Let $f(x) \in \mathbb{Z}[x]$ and suppose $f(\omega^j) \in \mathbb{Z}$ for all $j= 1, \dots, n$ where $\omega = e^{2 \pi i/n}$ is a primitive $n^{\text{th}}$ root of unity.
Computational evidence suggests
$$ f(\omega^{p^e}) \equiv f(\omega^{p^{e-1}}) (\text{mod } p^e), $$ for all primes $p$ and positive integers $e \geq 1$.

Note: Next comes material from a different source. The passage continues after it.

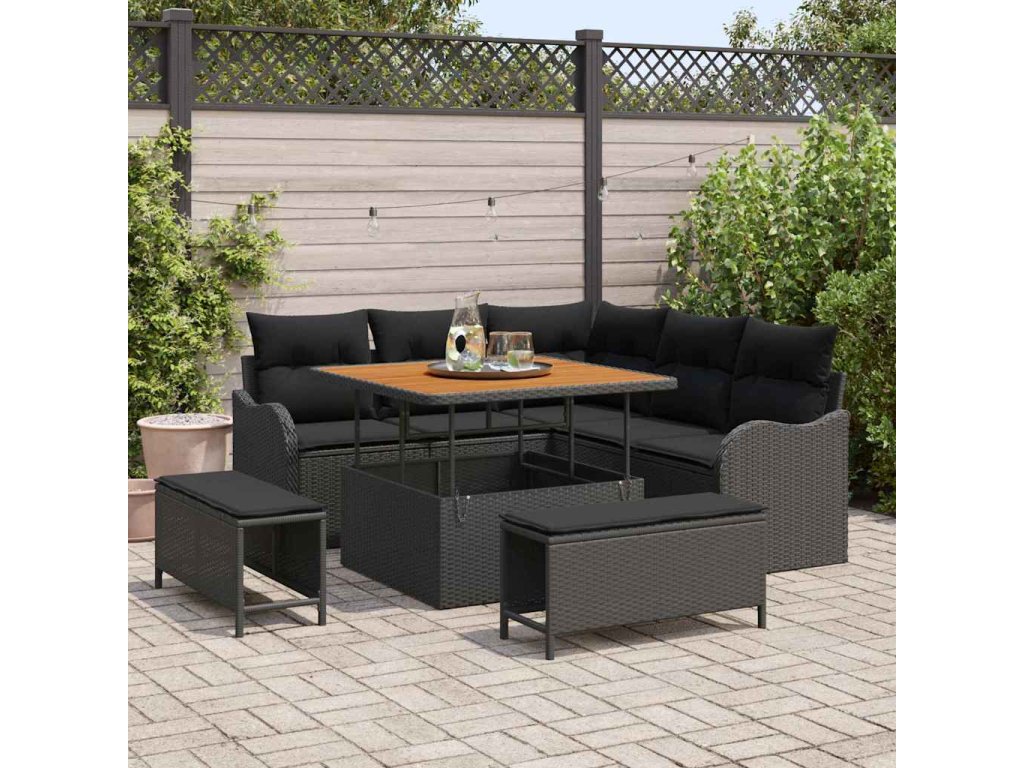 Sada zahradních pohovek 8 pcs Černá polyratan 3362254

Is there a proof, or a counterexample?
Note that by Euler's theorem, for every $a \in \mathbb{Z}$ such that $\text{gcd}(a,n) = 1$ we have $$ a^{\phi(n)} \equiv 1 (\text{mod }n), $$ where $\phi(n) = |\{ k \in [n] : \text{gcd}(n,j) = 1 \}|$ denotes Euler's totient function.
In particular if $n = p^e$, then $\phi(p^e) = p^e-p^{e-1}$ so
$$ a^{p^e-p^{e-1}} \equiv 1 (\text{mod }p^e), $$ whenever $\text{gcd}(a,p) = 1$.
Thus by modular arithmetic we can move the modulo inside the argument and get
$$ f(x^{p^e}) = f(x^{p^e-p^{e-1}} x^{p^{e-1}}) \equiv f(x^{p^{e-1}}) (\text{mod } p^e). $$
Therefore the congruence holds for all integer polynomials at all integer points relatively prime to $p$. My question is if this congruence can be lifted to $n^{\text{th}}$ roots of unity if $f(x)$ takes integer values at all $n^{\text{th}}$ roots of unity?
By the way, if $f(\omega^j) \in \mathbb{Z}$, then it is well-known that $f(\omega^j) \in \mathbb{Z}[\omega + \omega^{-1}]$, so (ignoring the constant term) $f(x)$ has palindromic coefficients.